EU approves emergency measures to curb prices
EU energy ministers on Friday approved their first package of emergency measures in response to the deepening energy crisis in the bloc driven by skyrocketing prices.
The package, negotiated in less than a month, includes mandatory power savings, a cap on excess market revenues and a levy to capture surplus corporate profits.
The plan prescribes a mandatory 5% target during peak hours, when gas plays a bigger role in price setting, and a voluntary 10% reduction in overall electricity demand.
It also suggests a cap on the excess revenue made by power plants that do not use gas to produce electricity, such as solar, wind, nuclear, hydropower and lignite.
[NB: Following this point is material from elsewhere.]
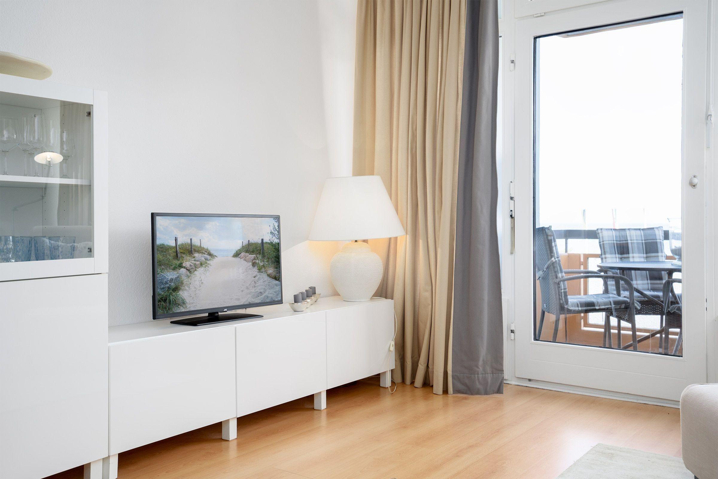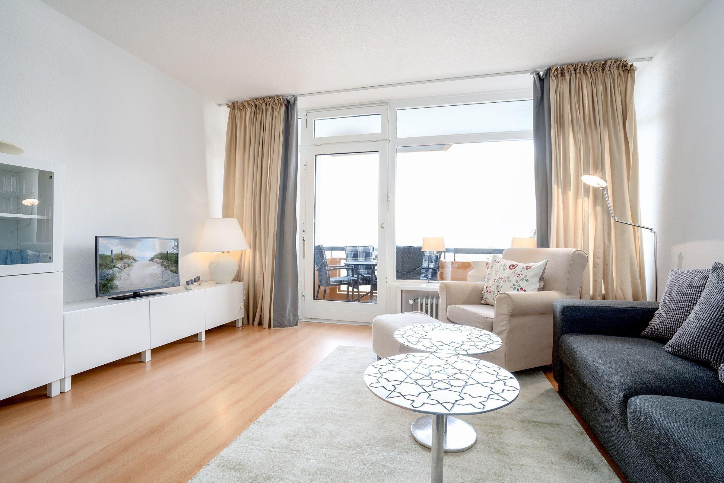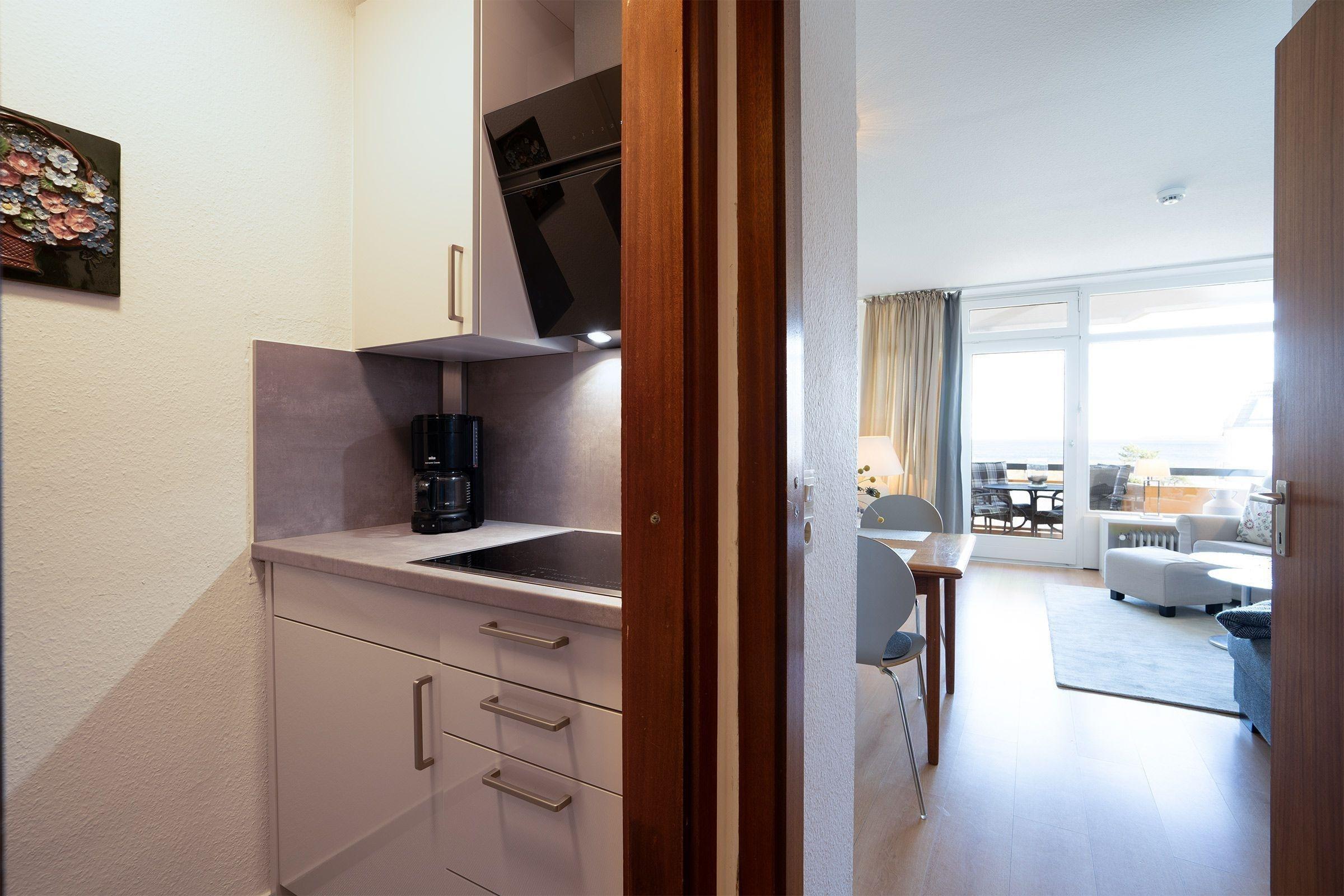 Das 60 qm große 3-Zimmer-Appartement befindet sich im 3. Stock eines Hauses mit Lift und bietet einen herrlichen Blick auf die Ostsee. Der helle Wohnbereich verfügt über ein bequemes Ecksofa, zwei Sessel und einen Flachbild-TV, ideal zum Entspannen. Der großzügige Essplatz lädt zum Frühstücken ein und die gut ausgestattete Küche umfasst eine Kaffeemaschine, einen Wasserkocher, einen Toaster, ein Cerankochfeld, eine Mikrowelle sowie eine Spülmaschine.

The cap will be uniform and set at €180 per megawatt-hour. All revenue that exceeds the threshold will be collected by governments.
The ministers have also approved a so-called ‘solidarity mechanism’ to partially capture the surplus profits made by fossil fuel companies. Authorities will be able to introduce a 33% levy on the profits made by those companies in the 2022 fiscal year in case the profits represent a 20% increase compared to the average seen in the last three years.
The extra funds will reportedly be re-directed to households and companies under financial stress in the form of subsidies, reduced tariffs or income support.
The Czech Republic’s minister for industry and trade, Jozef Sikela, told reporters ahead of the meeting that while the package is a decisive step, further action is needed. “We must not stop here. We are in an energy war with Russia. The winter is coming. We need to act now. Now means now,” Sikela was quoted as saying by Euronews.
His French counterpart, Agnes Pannier-Runacher, echoed the call, stating “Let me be very clear: we will have to go much faster, much further and make other proposals.”
The EU’s emergency package comes as inflation in the Eurozone hit double digits for the first time in the history of the single currency.